## What the task requires
Exact reproduction of the data is required, with images excluded.

## Exercise data
* * *

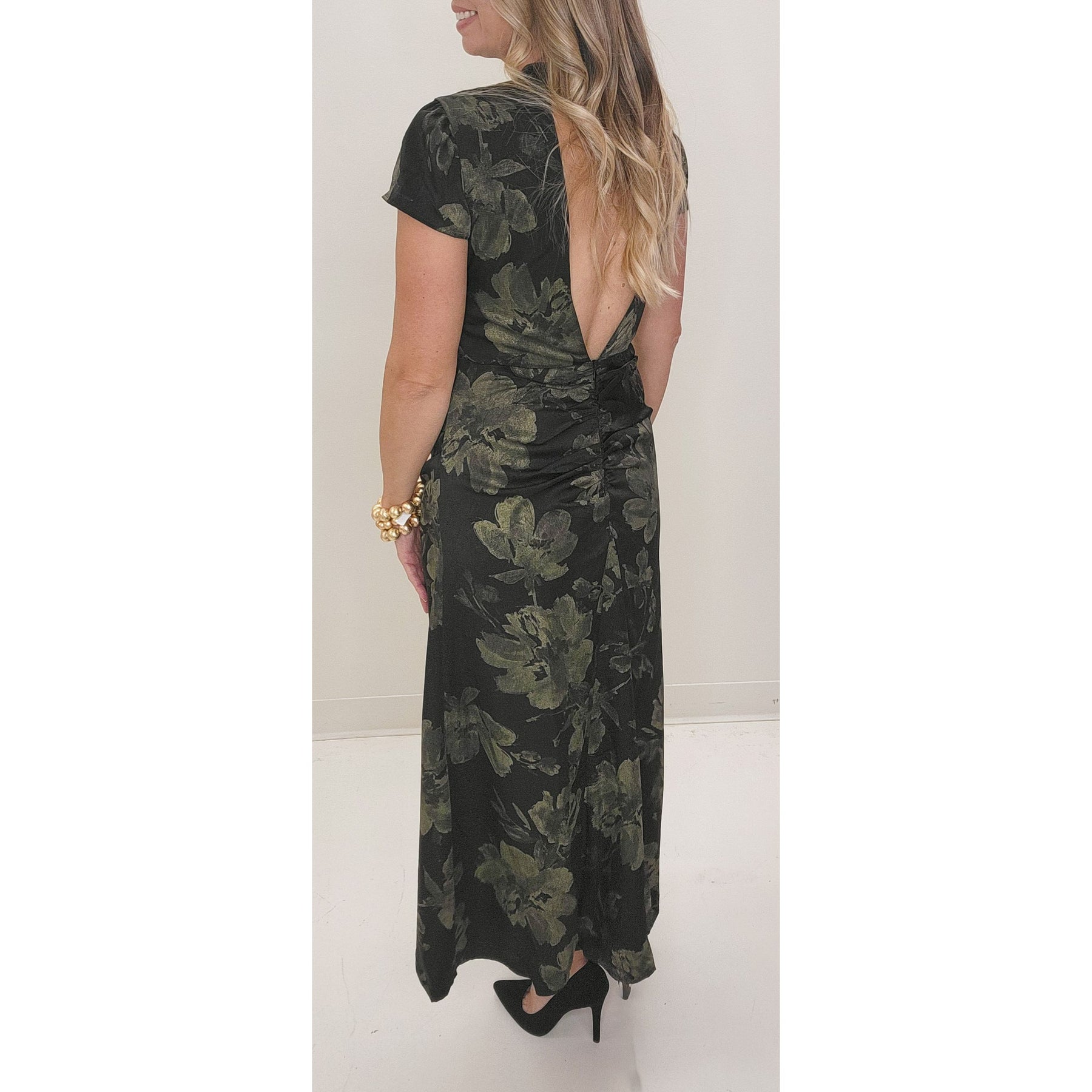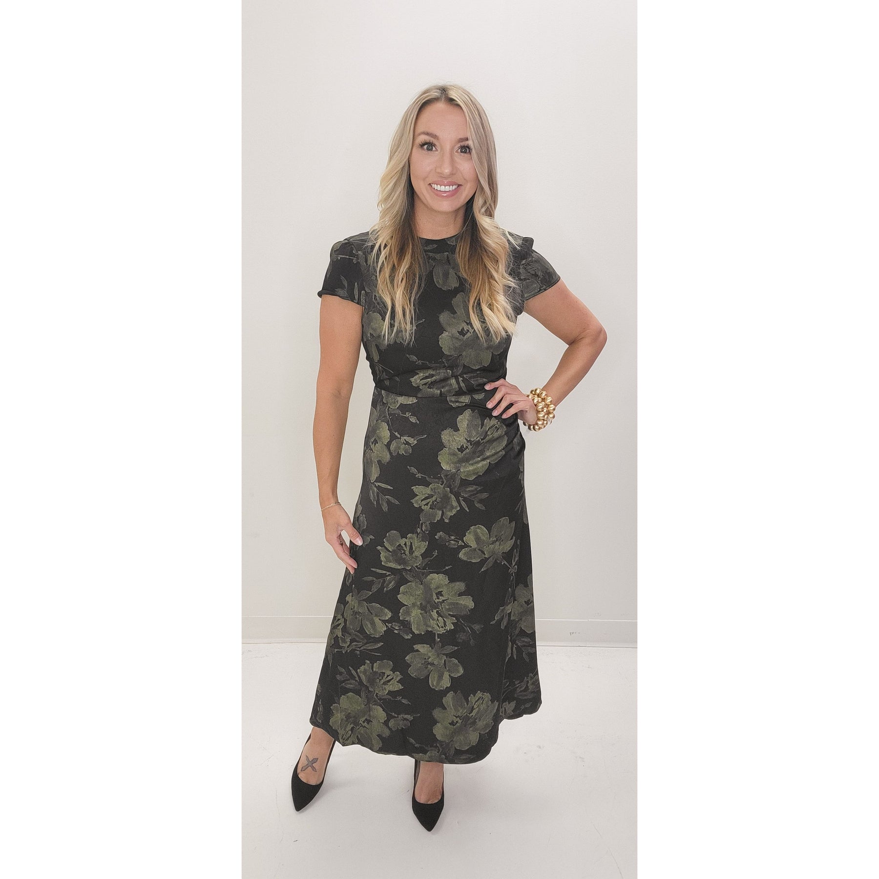 The Midnight Garden Midi Dress is the perfect choice for holiday parties or winter weddings. This floral print foil cap sleeve dress features a V-back with zipper and ruching, adding a touch of elegance and femininity. Don't miss out on this gorgeous dress that will have you turning heads all night long!
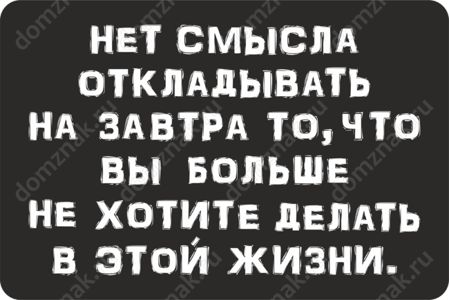 Табличка «Нет смысла откладывать на завтра то, что вы больше не хотите делать в этом жизни»
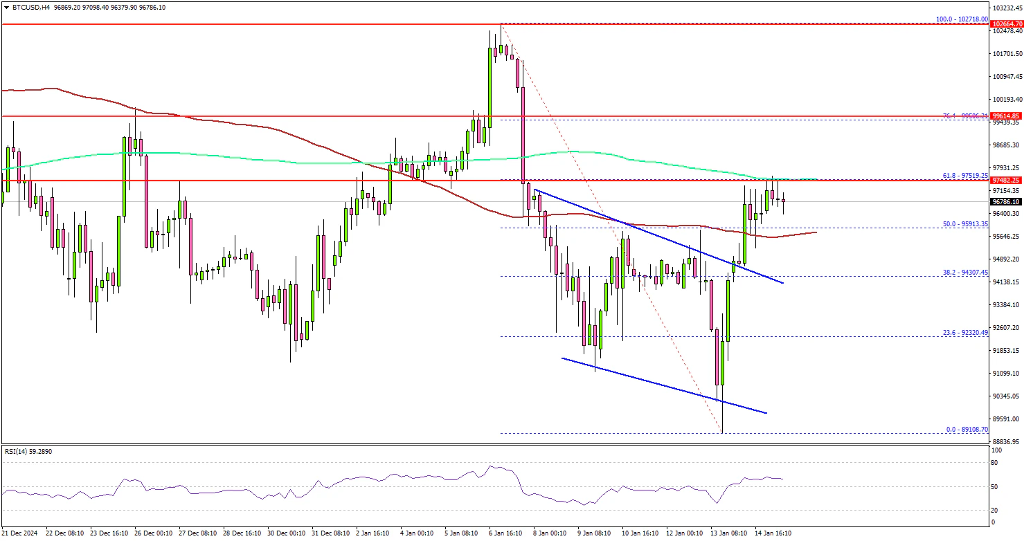 The 61.8% Fib retracement level of the downward move from the $102,718 swing high to the $89,108 low acted as a resistance. On the upside, the price could face resistance near the $97,500 level. The next key resistance is $100,000.
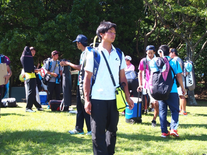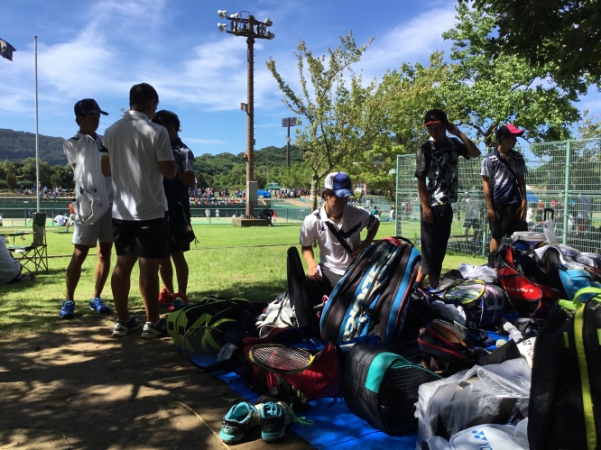 個人戦のベンチでの様子と、帰る前の様子です。荷物を手分けして片付けします。

* * *

## Response for this exercise
 The Midnight Garden Midi Dress is the perfect choice for holiday parties or winter weddings. This floral print foil cap sleeve dress features a V-back with zipper and ruching, adding a touch of elegance and femininity. Don't miss out on this gorgeous dress that will have you turning heads all night long!
 Табличка «Нет смысла откладывать на завтра то, что вы больше не хотите делать в этом жизни»
 The 61.8% Fib retracement level of the downward move from the $102,718 swing high to the $89,108 low acted as a resistance. On the upside, the price could face resistance near the $97,500 level. The next key resistance is $100,000.
 個人戦のベンチでの様子と、帰る前の様子です。荷物を手分けして片付けします。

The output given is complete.